Wang Jiahai, Tang Zheng, Wang Ronglong
Faculty of Engineering, Toyama University, Toyama-shi 930-8555, Japan.
Int J Neural Syst. 2004 Apr;14(2):107-16. doi: 10.1142/S0129065704001917.
In this paper, based on maximum neural network, we propose a new parallel algorithm that can help the maximum neural network escape from local minima by including a transient chaotic neurodynamics for bipartite subgraph problem. The goal of the bipartite subgraph problem, which is an NP- complete problem, is to remove the minimum number of edges in a given graph such that the remaining graph is a bipartite graph. Lee et al. presented a parallel algorithm using the maximum neural model (winner-take-all neuron model) for this NP- complete problem. The maximum neural model always guarantees a valid solution and greatly reduces the search space without a burden on the parameter-tuning. However, the model has a tendency to converge to a local minimum easily because it is based on the steepest descent method. By adding a negative self-feedback to the maximum neural network, we proposed a new parallel algorithm that introduces richer and more flexible chaotic dynamics and can prevent the network from getting stuck at local minima. After the chaotic dynamics vanishes, the proposed algorithm is then fundamentally reined by the gradient descent dynamics and usually converges to a stable equilibrium point.

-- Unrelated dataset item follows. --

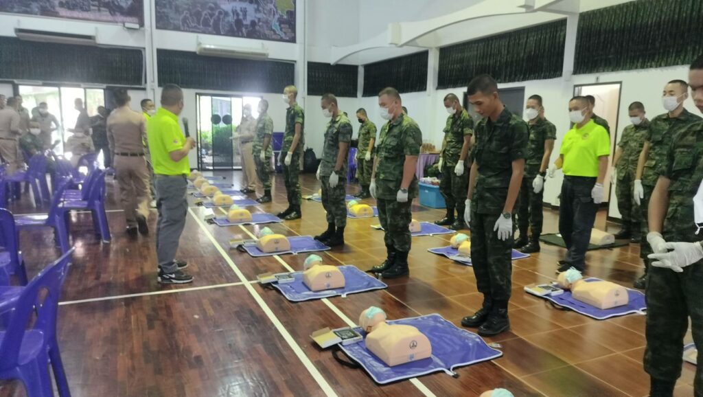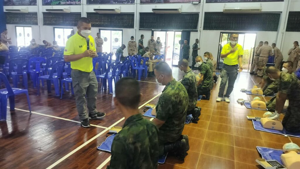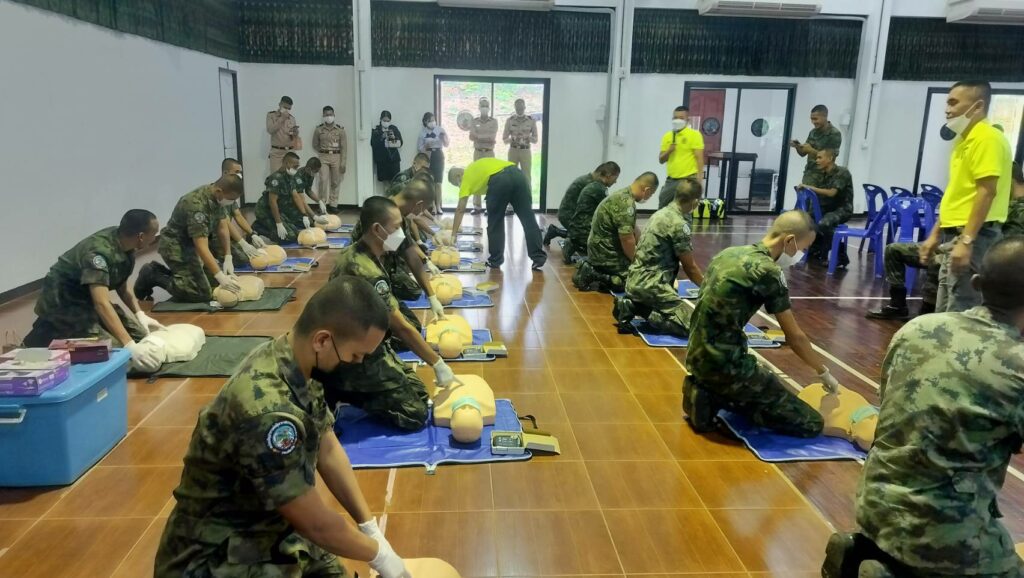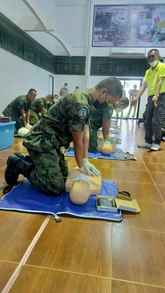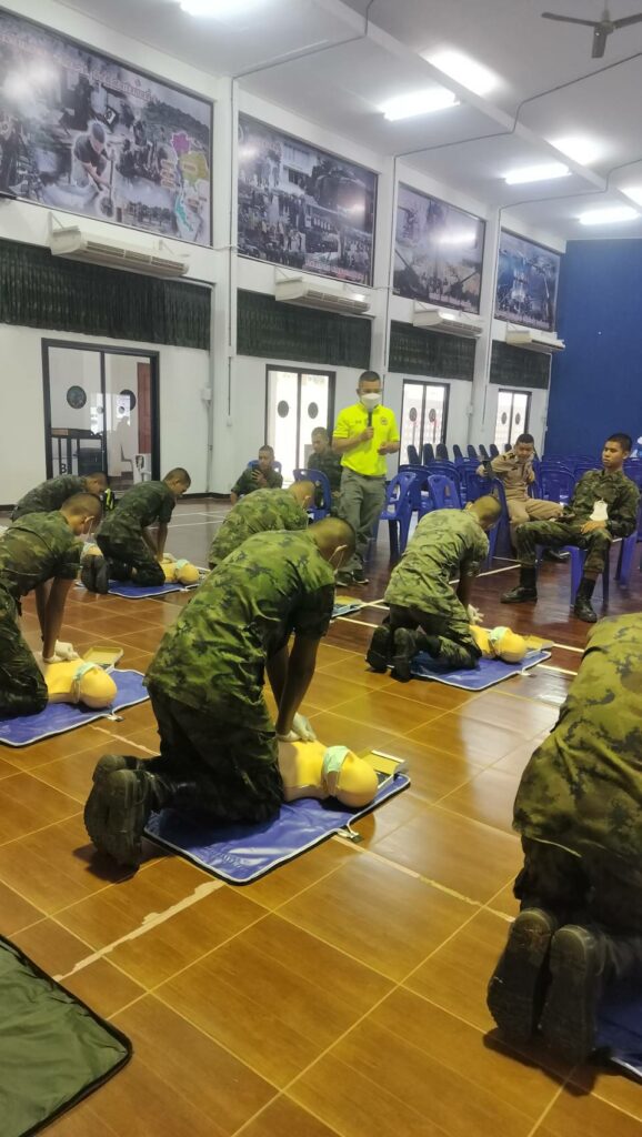 เมื่อ ๒๗ เม.ย.๖๖ กองนาวิกเวชกิจ รพ.อาภากรเกียรติวงศ์ ฐท.สส. สนับสนุนวิทยากรให้ความรู้ทฤษฏีและปฏิบัติ ในการปฐมพยาบาล การช่วยชีวิตขั้นพื้นฐานและการใช้เครื่อง AED ให้แก่ กำลังพล บก.สอ.รฝ.และร้อยบก.สอ.รฝ. ณ อาคารป้องนภาและรักษาฝั่ง / รพ.อาภากรเกียรติวงศ์ ฐท.สส. / By ข่าวผู้บังคับบัญชา – จำนวนคนดู : 12

The proposed algorithm has the advantages of both the maximum neural network and the chaotic neurodynamics. A large number of instances have been simulated to verify the proposed algorithm. The simulation results show that our algorithm finds the optimum or near-optimum solution for the bipartite subgraph problem superior to that of the best existing parallel algorithms.
在本文中,基于最大神经网络,我们提出了一种新的并行算法,该算法通过引入用于二分图问题的瞬态混沌神经动力学,帮助最大神经网络逃离局部最小值。二分图问题是一个NP完全问题,其目标是在给定图中去除最少数量的边,使得剩余的图是一个二分图。Lee等人针对这个NP完全问题提出了一种使用最大神经模型(胜者全得神经元模型)的并行算法。最大神经模型总能保证得到一个有效的解,并且在无需参数调整负担的情况下极大地减少了搜索空间。然而,该模型容易收敛到局部最小值,因为它基于最速下降法。通过向最大神经网络添加负自反馈,我们提出了一种新的并行算法,该算法引入了更丰富、更灵活的混沌动力学,并且可以防止网络陷入局部最小值。在混沌动力学消失后,所提出的算法随后从根本上由梯度下降动力学控制,并且通常会收敛到一个稳定平衡点。所提出的算法兼具最大神经网络和混沌神经动力学的优点。已经对大量实例进行了模拟,以验证所提出的算法。模拟结果表明,我们的算法为二分图问题找到的最优解或近似最优解优于现有的最佳并行算法。